**Task goal:** Would you reproduce the whole listing exactly, minus its images?

**Dataset excerpt:**
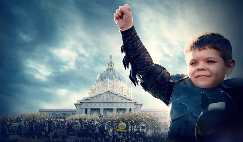美國5歲男童邁爾斯·斯科特,在1歲半時被診斷出患上白血病。他決定像他最愛的超級英雄“蝙蝠俠”對抗壞人一樣,勇敢面對病魔。知道了這件事的人們決定幫他圓夢:2013年11月15日,在舊金山全城的幫助下,他當了一回“蝙蝠俠”。這個故事將被拍成紀錄片《小蝙蝠俠出擊(BatkidBegins,對應BatmanBegins)》,導演達娜·納克曼在今年聖疊戈動漫展上放出了預告,計劃籌集10萬美元資金完成這個紀錄片。
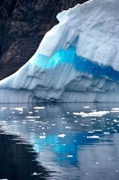 A ribbon of clear blue ice runs through an iceberg and is reflected in the sea. West Greenland
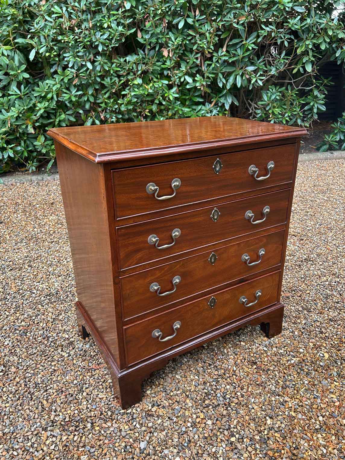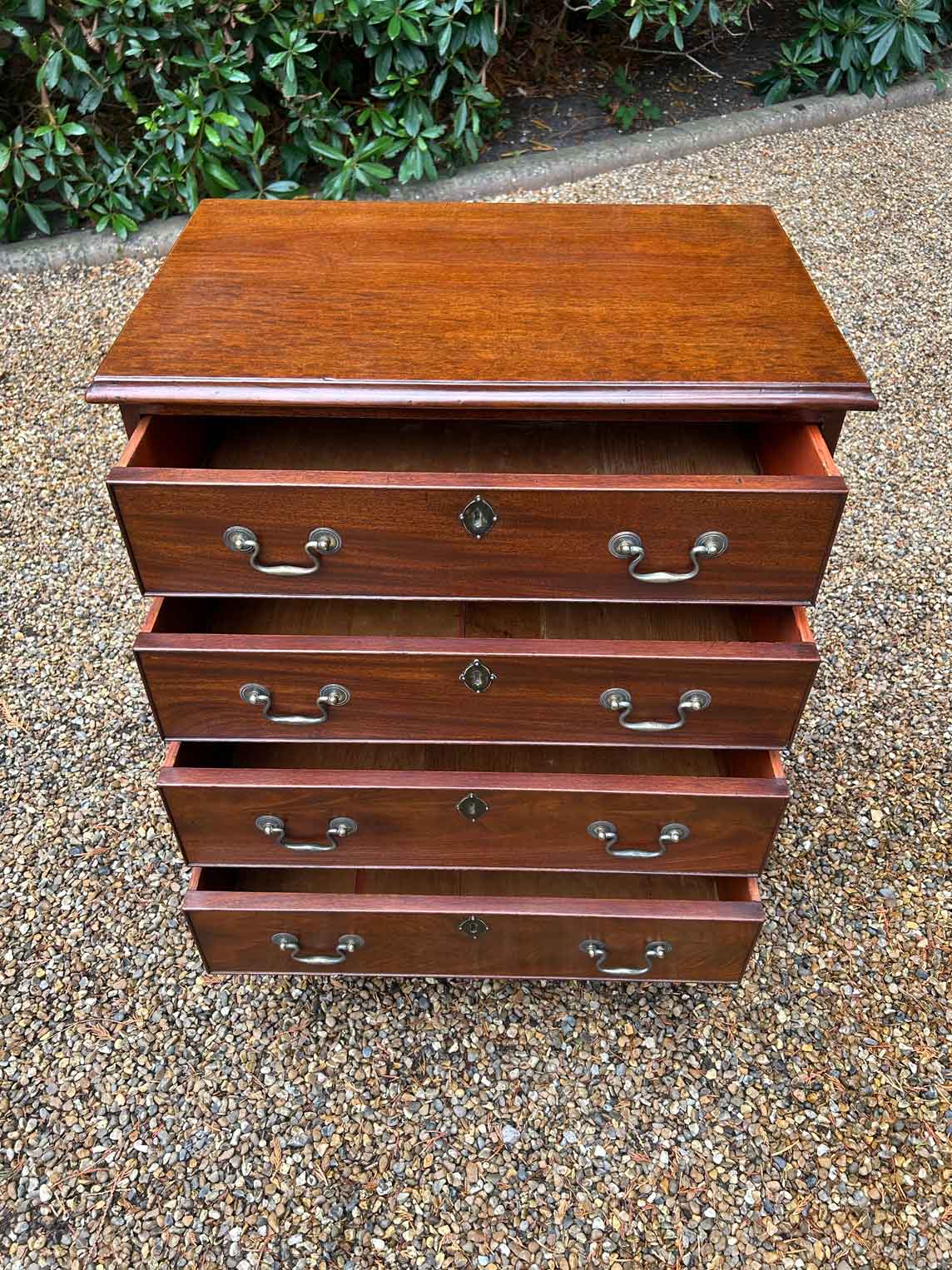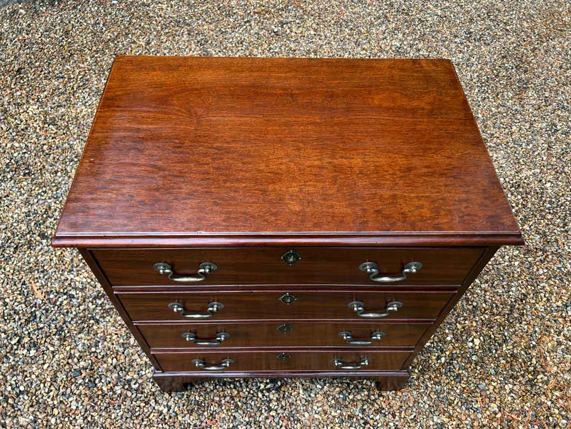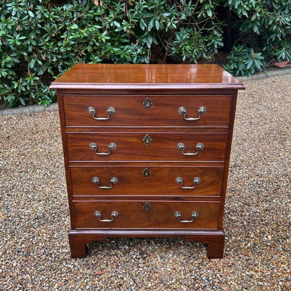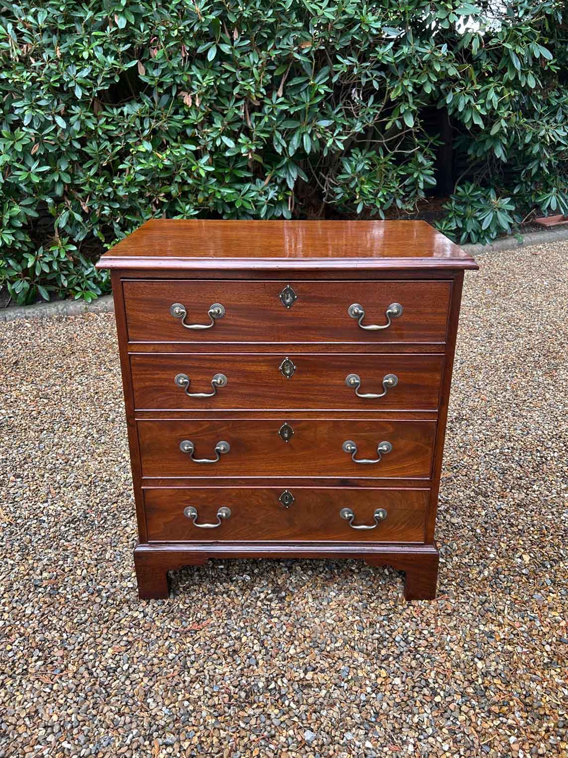 19th Century George III Mahogany Chest Of Drawers with four long graduated drawers, original brass swan neck handles, on bracket feet.

**Exercise answer:**
美國5歲男童邁爾斯·斯科特,在1歲半時被診斷出患上白血病。他決定像他最愛的超級英雄“蝙蝠俠”對抗壞人一樣,勇敢面對病魔。知道了這件事的人們決定幫他圓夢:2013年11月15日,在舊金山全城的幫助下,他當了一回“蝙蝠俠”。這個故事將被拍成紀錄片《小蝙蝠俠出擊(BatkidBegins,對應BatmanBegins)》,導演達娜·納克曼在今年聖疊戈動漫展上放出了預告,計劃籌集10萬美元資金完成這個紀錄片。
 A ribbon of clear blue ice runs through an iceberg and is reflected in the sea. West Greenland
 19th Century George III Mahogany Chest Of Drawers with four long graduated drawers, original brass swan neck handles, on bracket feet.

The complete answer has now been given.